Anomalous cosmic ray (ACR) particles are high first-ionization-potential (FIP) neutrals, such as oxygen, that have their origin outside the solar system and drift inwards towards the Sun. In the heliosphere they become singly ionized ions that have a typical energy in the range of 5 - 50 MeV/n (Klecker et al., 1998, Potgieter, 2013a, Giacalone et al., 2022). Temporal variation of cosmic ray particles correlates closely with solar activity at different timescales (Potgieter, 2013b) with the 11-year solar sunspot cycle being the most dominant long-term variation. On the other hand, shorter-period variations like the 27-day synodic rotation and the first harmonics of this period, the 13.5-day and 9-day periodicities, correlate with the passage of co-rotating interaction regions which have their origin in solar coronal holes (Sabbah and Kudela, 2011; Kotzé, 2020; Modzelewska and Gil, 2021). Solar activity variations within the 0.3 – 2 year periodicity timescale, which includes the Rieger period (150 – 160 days), have recently been attributed to magnetic Rossby waves (Korsós et al., 2023). Dikpati et al (2018) reported that Rossby waves provide evidence of magnetic patterns around the solar tacholine, the region where the solar magnetic field is accumulated. A recent study by Gurgenashvili et al. (2016) showed that the Rieger period has a strong dependence on solar activity level, and Feng et al. (2017) showed that these periodicities in sunspot indices have a strong correlation with the solar magnetic field.
The modulation of cosmic ray (CR) particles in the heliosphere is influenced by properties of the solar wind as well as the orientation of the solar magnetic field and solar activity level. Around solar minima CR modulation is predominantly driven by drifts, while around solar maximum it is affected by enhanced diffusion resulting from a complex magnetic structure (Potgieter, 2013b). Drift effects are also responsible for the 22-year cycle in CR modulation as CR ions are sensitive to the polarity of the solar magnetic field. Particularly, positively charged particles drift inward along the near-equatorial heliospheric current sheet (HCS) when the solar magnetic field is negatively orientated (qA < 0 minima), e.g., during the minimum of solar cycle 23/24 (SC23/24), while these particles drift outward along the HCS during positively oriented solar magnetic fields (qA > 0 minima), e.g., during the minimum of solar cycle 24/25 (SC24/25). Solar activity levels were anomalously low during both the minima of SC23/24 and SC24/25, resulting in much lower than usual interplanetary magnetic field strengths which was accompanied by unusually small tilt angle values of the heliospheric current sheet. In fact, during the minimum of SC24/25 the tilt angle was more than 50% lower than during the minimum of SC23/24 (Rankin et al., 2022). This resulted in the highest recorded levels of GCR intensities (Rankin et al., 2022) as observed by both spacecraft and ground-based neutron monitors (NM). A recent study by Rankin et al. (2022) of CR oxygen particles, using the Parker Solar Probe, revealed that the ACR component is remarkably similar across the minima of solar cycle 23/24 and solar cycle 24/25.

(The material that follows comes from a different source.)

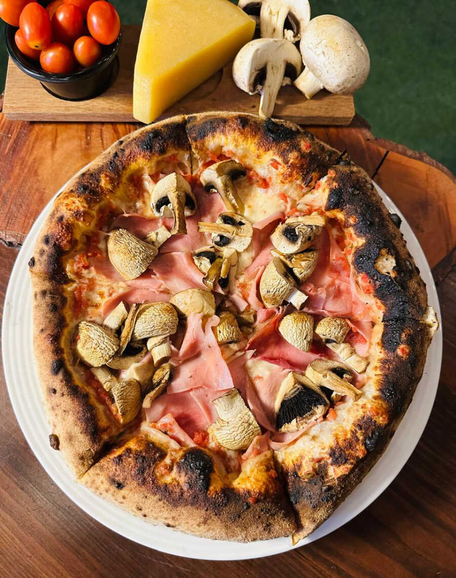 Especial para amantes de los hongos: base de tomate, mozzarella, champiñones frescos y jamón de pierna.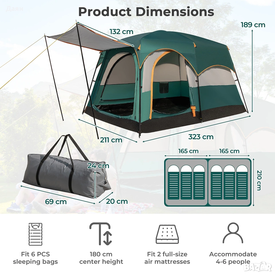Къмпинг палатка COSTWAY за 6 души, двуслойна кабина, водоустойчива → Обява 53442264

The periodicity behaviour and modulation, particularly, of GCR’s has been a topic of investigation for several decades, using both ground-based NM data (Gil and Mursula, 2017; Kotzé, 2020) as well as space-based satellite data using, e.g., the Advanced Composition Explorer (ACE) satellite (Leske et al., 2010; Kotzé, 2021). A recent study by Kotzé (2023) found an energy and solar-polarity dependence for the 27-day and 13.5-day periodicities of proton, carbon, and oxygen GCR particles observed by ACE/CRIS and SOHO/EPHIN spacecraft during SC23 and SC24. Larger powers of these periodicities were observed during positive polarity intervals (qA > 0; SC24) than negative polarity (qA < 0; SC23).
The different characteristics between the minima of SC23/24 and SC24/25, combined with opposite drift patterns, provide a unique opportunity to investigate the periodicity behaviour of, particularly, ACR oxygen ions, and to compare their variation to the periodicity behaviour of GCR particles during the same time interval (Kotzé, 2023). Previous studies (Fu et al, 2021; 2023) indicated that oxygen energy spectra below about 30 MeV/n are dominated by ACRs, in contrast to the GCR component that occur at higher energies.